В четверг, ровно через неделю после смерти Зива, когда Лилах, обедавшая у родителей, вернулась и открыла дверь моей комнаты, я еще спал. Биттер, лежавший свернувшись клубком у меня в ногах, бросился ей навстречу с радостным лаем и облизал с головы до ног. Они устроились вдвоем на моей кровати, она схватила меня за руку. Я проснулся и сообщил, что решил с ней расстаться. Так вдруг, ни с того ни с сего. Я был еще в полусне, мысли путались, я еще не продрал глаза, но хорошо знал, что делаю. Выбора не было. Я видел ее перед собой и понимал, что все кончено. Я приподнялся, потрепал ее по щеке, чмокнул, встал и пошел принимать душ. Она не заплакала, не подняла крик, даже странно. Когда я вышел из ванной, ее уже не было. Может, я ее очень обидел, а может, она осознала, какой я, в общем, придурок, насколько не подхожу ей, пентюх пентюхом, серый, некультурный, без будущего, и потому не стоит слишком напрягаться. Может быть. Ну и черт с ней. Во мне нет места для нее, надо сосредоточиться на деле, которому я служу. А у нее в голове черт-те что. Ее занимает вопрос, какого цвета простыни выбрать, она может подолгу раздумывать, где повесить картинку, часами раскладывает вещи на зимние и летние, требует от меня высказать мнение по поводу ее колготок – какие надевать, а какие уже надоели, или помочь ей выбрать пирожное в холодильнике – какое вкуснее, а от какого больше толстеют, или забивает мне голову перипетиями телесериалов, а также историями про своих подружек, их ссорами, и представь себе, ее это очень волнует. У меня же нет сил задумываться над этими проблемами, не стоящими выеденного яйца, принимать абсолютно неважные решения. В другом месте в эту минуту на кону человеческая жизнь, и я могу быть там. Она хохочет, радуется и переживает по пустякам, не дает мне побыть наедине с собой, не понимает, как я в этом нуждаюсь порой. Да и как ей понять, как протянуть мне руку дружбы, как заговорить со мной на одном языке, когда она не там, не наверху, не чувствует, не понимает. Из окна спальной я смотрел, как она идет вверх по улице, медленно, не оглядываясь. Может, я вижу ее в последний раз, а может, увидимся через какое-то время, интересно, через какое. Она не может понять, думал я, ей, наверное, наплевать. А мне, мне-то что оставалось делать?

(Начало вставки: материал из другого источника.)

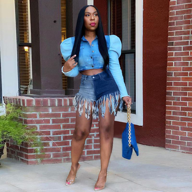 Naisten Farkut Väri Block Fringe Harjattu Shortsit Rento Suora Jalka
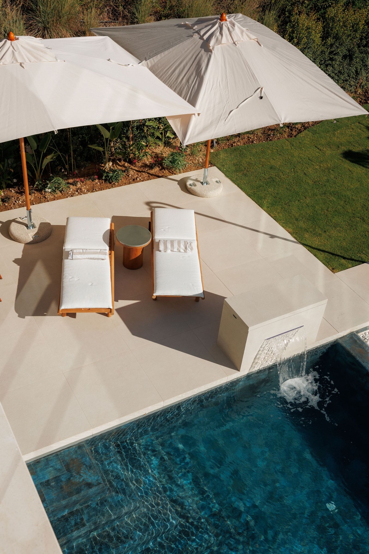 La villa se extiende en tres niveles, asentada sobre una parcela de 1.100m2 y cuenta con un jardín estilo mediterráneo y la piscina exterior con equipos de purificación, clorador salino y bomba de calor para mantener agua caliente y cubrición de PVC para mantenimiento y temperatura.

В субботу вечером мы были уже готовы возвращаться в Ливан. Собрались на учебной базе возле Кирьят-Шмоны, быстренько провели очередную отработку навыков на случай засады и ждали сигнала на отправку. За сорок минут до старта из штаба сообщили, что колонна отменяется – по данным разведки, ситуация неблагоприятна.
– Выезжаем завтра, – сообщил я, – а пока занимаем с боем комнаты в гостинице "А-Цафон". Если кто-нибудь хочет проведать раненых в больнице "Рамбам"2, с моей стороны нет возражений.
2 РАМБАМ – великий еврейский законоучитель, толкователь Торы и врач (ХII в.). Больница, названная в его честь, находится в Хайфе.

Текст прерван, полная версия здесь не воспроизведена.